In Israel, by contrast, judges are selected by—themselves. There is no trouble balancing judicial independence with accountability, because no real effort is made to provide for accountability. While the committee which appoints judges appears, at first glance, to represent the interests of a variety of parties, including elected representatives, a closer look at its makeup and functioning reveals that it is, in fact, a recipe for the domination of the process by the justices sitting on the Supreme Court.

Under the Basic Law: The Judiciary, all civil and criminal court judges, including Supreme Court justices, are appointed by a nine-member Judicial Selections Committee.17 The committee is made up of the president of the Supreme Court, two other Supreme Court justices chosen by the court, the justice minister, an additional minister appointed by the government, two Knesset members, and two representatives of the Israeli Bar Association. In other words, a majority of the Judicial Selections Committee’s members—the three justices and the two Bar representatives—are not chosen by the Israeli public, and are not accountable to it.

This mixture of representative and unrepresentative members results in a body whose decisions are completely unrepresentative of the public sentiment. This becomes clear when we examine the way competing interests are positioned on the committee. The four politicians all represent diffuse interests. By tradition, one of the Knesset members represents the government and the other the opposition, which means the two are more likely than not to disagree when matters of ideology are at stake. The justice minister is the single member of the government least appropriate for representing popular interests against the views of the justices, since he is usually a lawyer himself, advised by the judicial establishment and often beholden to it;18 he is therefore likely to disagree with the other government minister, whose principal loyalty is to the government and to the values of the electorate that put that government in power.19 The five representatives of the legal establishment, however, have their interests neatly lined up: The three justices will naturally become a single voting bloc, protecting the interests and prevailing views of the Supreme Court itself. Moreover, it is safe to assume that the selection of the two junior justices to the committee will have been heavily influenced, if not dictated, by the court president, himself a member of the committee. As for the representatives of the Bar Association, they are seen within their own fields as inferiors in the legal hierarchy, of which the judges are the apex, and it is they who will pay a price for failing to represent the very same values that the judges are defending.20

In practice, the three justices on the committee do vote as a bloc, and it is their vote which almost always determines the outcome. A good illustration of this point is the 1995 appointment of State Attorney Dorit Beinish to the Supreme Court. In 1993, her appointment was considered and rejected because she was regarded by the Supreme Court justices to be less qualified than the other candidates.

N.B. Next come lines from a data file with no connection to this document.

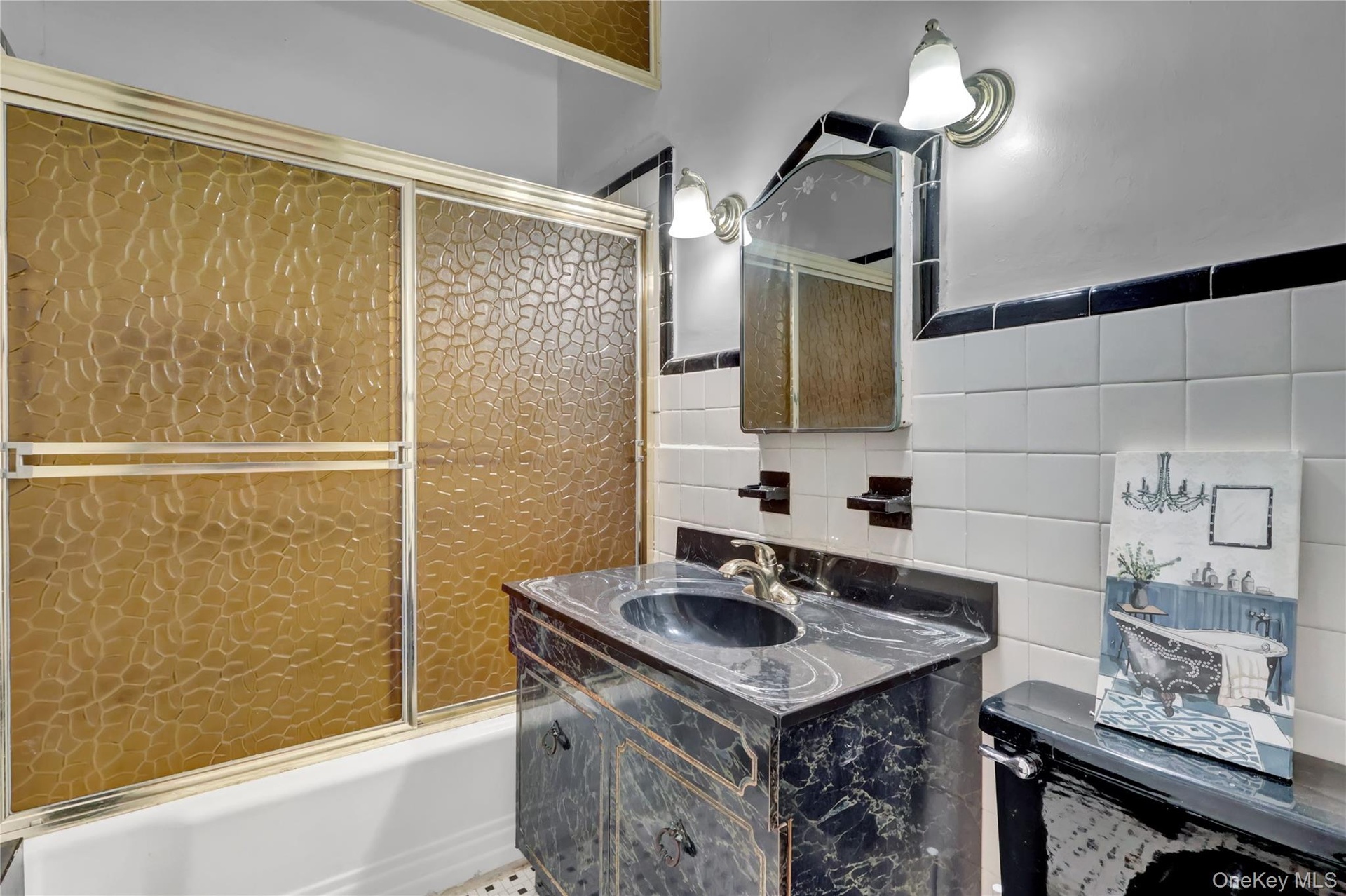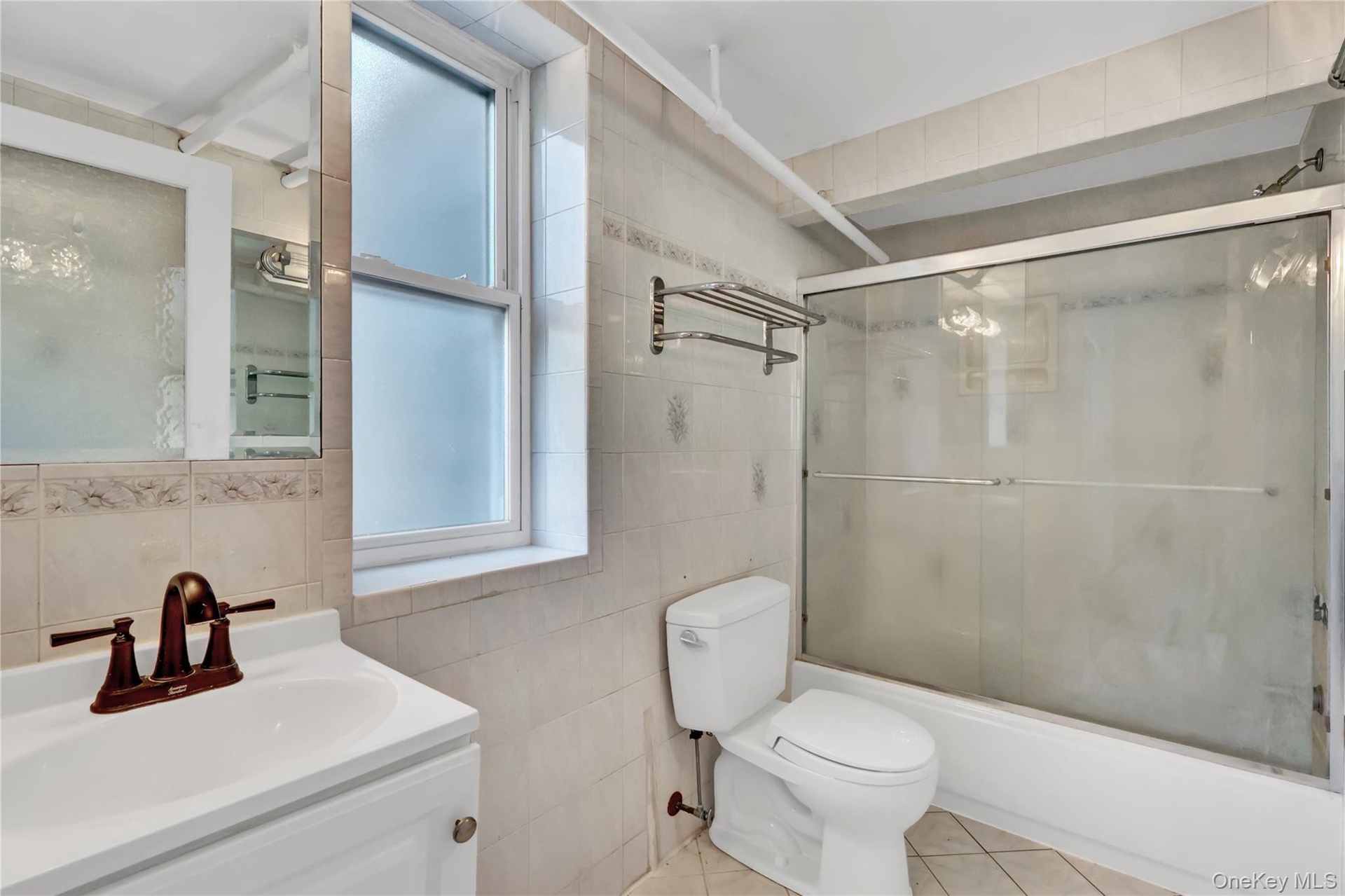 - Bathroom with combined bath / shower with glass door, tile walls, vanity, and tile patterned flooring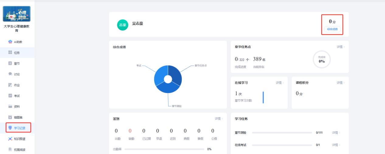 6.依次完成章节视频学习、章节测验后,可在【学习记录】页面下查看到该课程考核的比例,及自己课程的学习进度。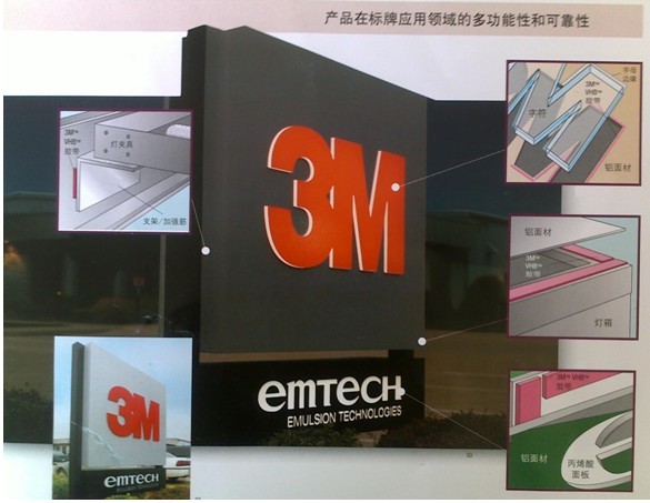 3M VHB雙面膠帶能夠取代鉚釘,在告白業利用普遍,它具備高耐候性, 高強度、雅觀的特色,遭到泛博客戶的喜愛。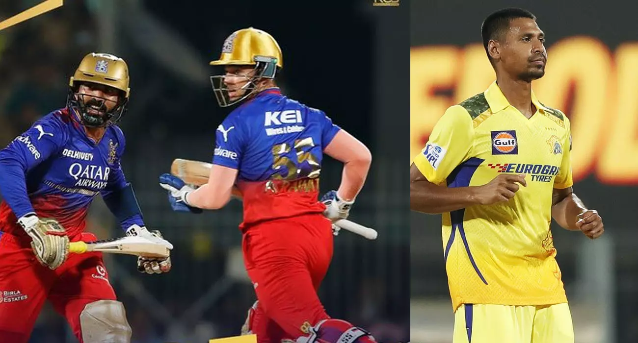 ഓപ്പണിങിൽ വിരാട് കോഹ്ലിയും ക്യാപ്റ്റൻ ഫാഫ് ഡുപ്ലെസിസും ചേർന്ന് സ്വപ്നതുല്യമായ തുടക്കമാണ് നൽകിയത്. ദീപക് ചഹറിനെ തുടരെ ബൗണ്ടറി പറത്തി പവർപ്ലെയിൽ ഡുപ്ലെയിസിന് ആഞ്ഞടിച്ചപ്പോൾ ആർസിബി സ്കോർബോർഡിൽ റൺസൊഴുകി. എന്നാൽ അഞ്ചാം ഓവറിൽ മുസ്തഫിസുർ റഹ്മാനെ ബൗളിങിൽ ഏൽപ്പിച്ച സിഎസ്കെ ക്യാപ്റ്റൻ ഋതുരാജ് ഗെയിക്വാദിന്റെ തീരുമാനം ആതിഥേയരെ മത്സരത്തിലേക്ക് മടക്കികൊണ്ടുവരുന്നതായി. 23 പന്തിൽ 35 റൺസിൽ നിൽക്കെ മുസ്തഫിസുറിനെ വലിയ ഷോട്ടിന് കളിച്ച ഡൂപ്ലെസിസിന് അടിതെറ്റി. ബൗണ്ടറിലൈനിനരികെ രചിൻ രവീന്ദ്രയുടെ കൈയിൽ വിശ്രമിച്ചു. തുടർന്ന് ക്രീസിലെത്തിയ രജത് പടിദാറിനെ ബംഗ്ലാ ബൗളർ പൂജ്യത്തിന് മടക്കി. തൊട്ടടുത്ത ഓവറിൽ ഗ്ലെൻമാക്സ് വെലിനെ ദീപക് ചഹർ വിക്കറ്റ്കീപ്പർ ധോണിയുടെ കൈയിലെത്തിച്ചതോടെ സന്ദർശകർ അപകടം മണത്തു.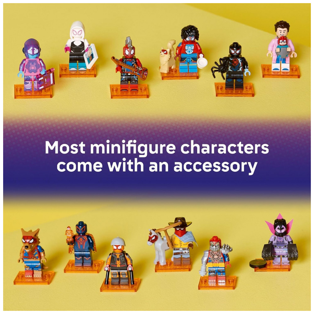 Com 12 personagens únicos para colecionar, incluindo figuras como Miles Morales/Spider-Man, Gwen Stacy/Spider-Woman e Miguel O’Hara/Spider-Man 2099, os fãs podem expandir suas coleções e recriar cenas icônicas do filme. Cada minifigura vem acompanhada de pelo menos um acessório autêntico, permitindo aventuras de brincadeira e storytelling criativo.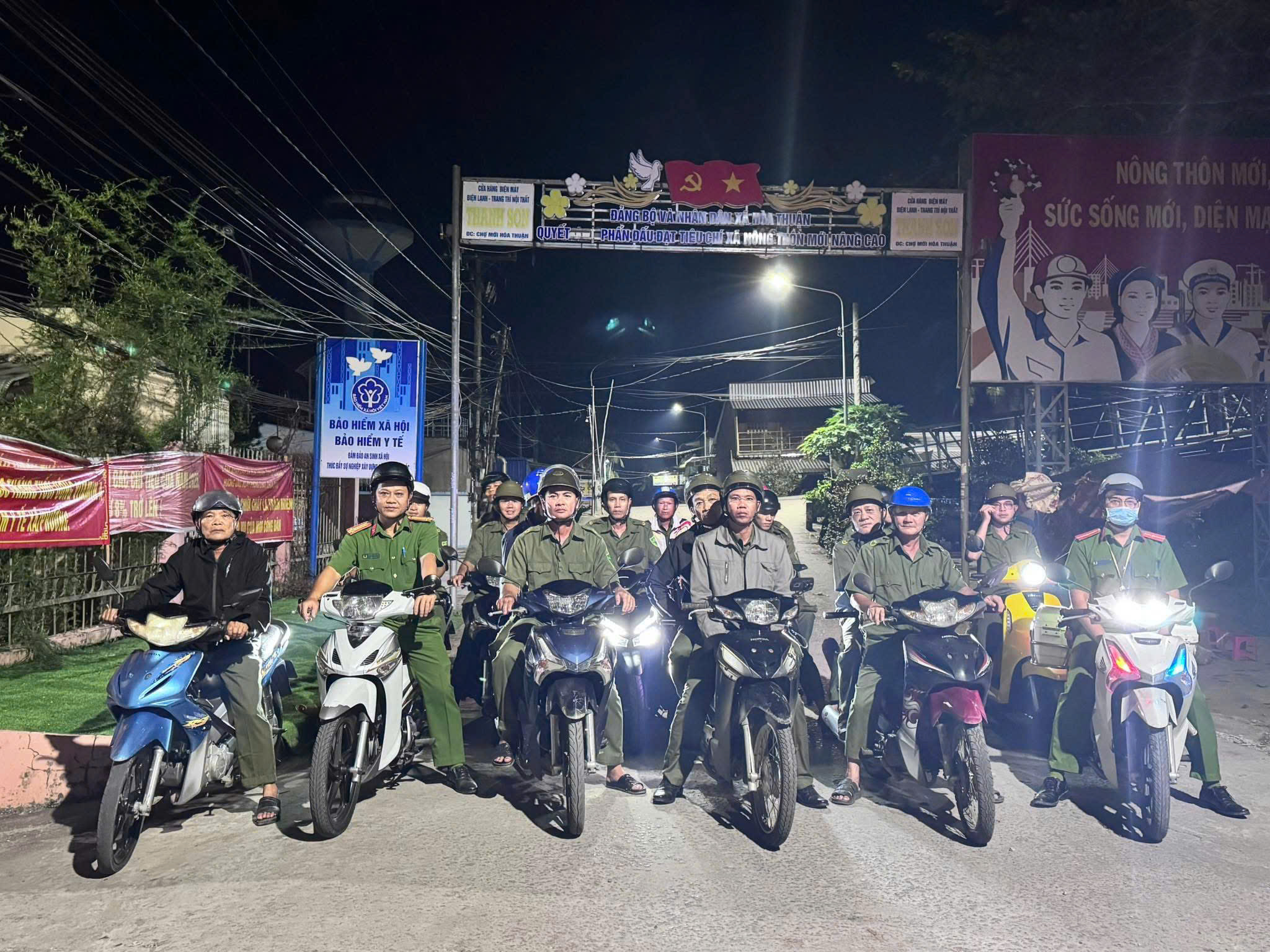 Công an xã Hoà Thuận tuần tra canh gác đảm bảo an ninh, trật tự địa bàn.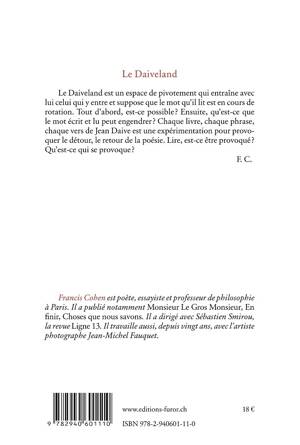 Le Daiveland est un espace de pivotement qui entraîne avec lui celui qui y entre et suppose que le mot qu’il lit est en cours de rotation. Tout d’abord, est-ce possible ? Ensuite, qu’est-ce que le mot écrit et lu peut engendrer ? Chaque livre, chaque phrase, chaque vers de Jean Daive est une expérimentation pour provoquer le détour, le retour de la poésie. Lire, est-ce être provoqué ? Qu’est-ce qui se provoque ?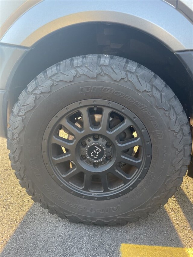 Owl Ladder/Tire Carrier with matching wheel and tire mounted\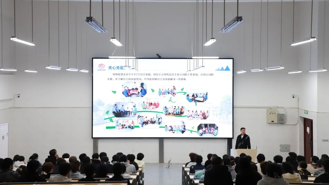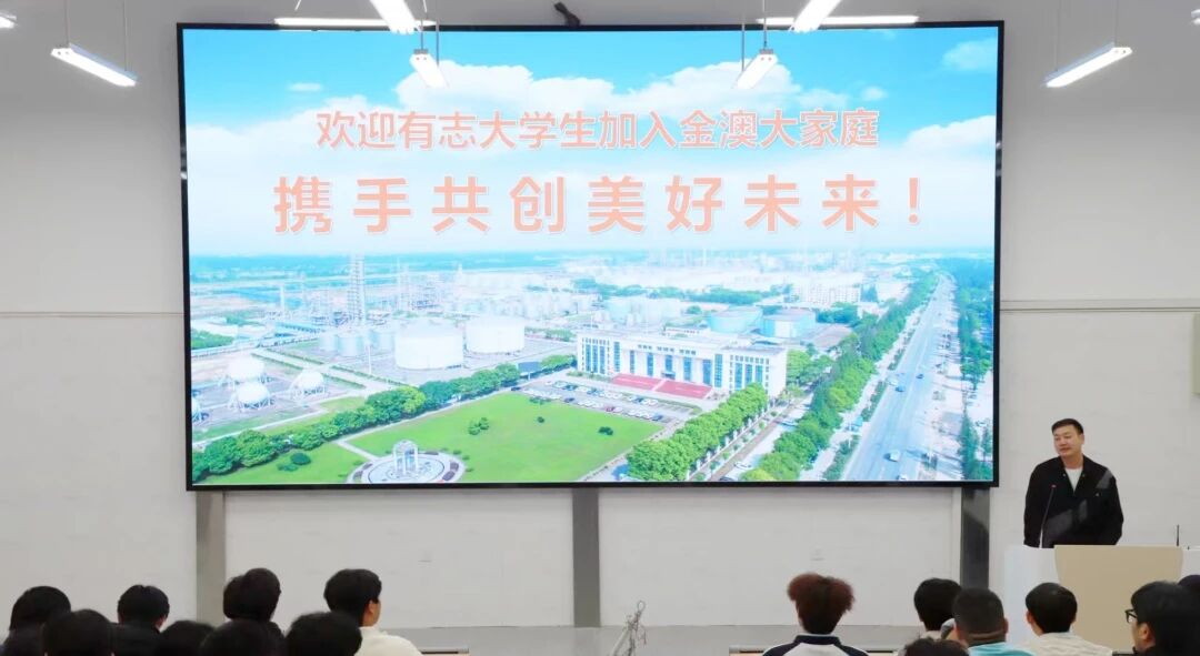 通过宣讲,同学们了解到金澳科技不仅具备雄厚的产业硬实力,更拥有前瞻性的人才软实力。金澳科技始终将安全生产、人文关怀与清晰战略作为发展基石,公司特别设立“金澳订单班”,通过定向培养模式,为入选学生提供系统化培训和明确的晋升通道,助力其快速成长为企业的中坚力量。

The vote at the time was five to four against, with the five negative votes coming from the three justices, led by Supreme Court President Meir Shamgar, and the two Bar Association representatives. At the time, the daily newspaper Ha’aretz reported that the justices presented a united front despite “persistent rumors” of sharp differences of opinion among them.21 Two years later, her appointment was again considered, but by this time Shamgar had retired and been replaced by Aharon Barak, a longtime personal friend of Beinish. Even though her qualifications had not substantially changed (she was still State Attorney), the vote this time was nine to zero in favor of her nomination.22 Later, Barak himself admitted that it was he who had “initiated” Beinish’s appointment.23 Effectively, this meant that Barak’s appointment as Supreme Court President shifted five of the nine votes on the committee, and reversed the previous decision. The importance of this particular appointment should not be underestimated: By tradition, the presidency of the court—an office substantially more powerful than that of the chief justice of the United States Supreme Court24—is given to the justice who has served longest on the Supreme Court. When Barak retires at age seventy in the year 2006, Beinish will replace him as president. In other words, just two years after Beinish was rejected for a position on the court due to her lack of qualifications, Barak was able to hand-pick her as his successor.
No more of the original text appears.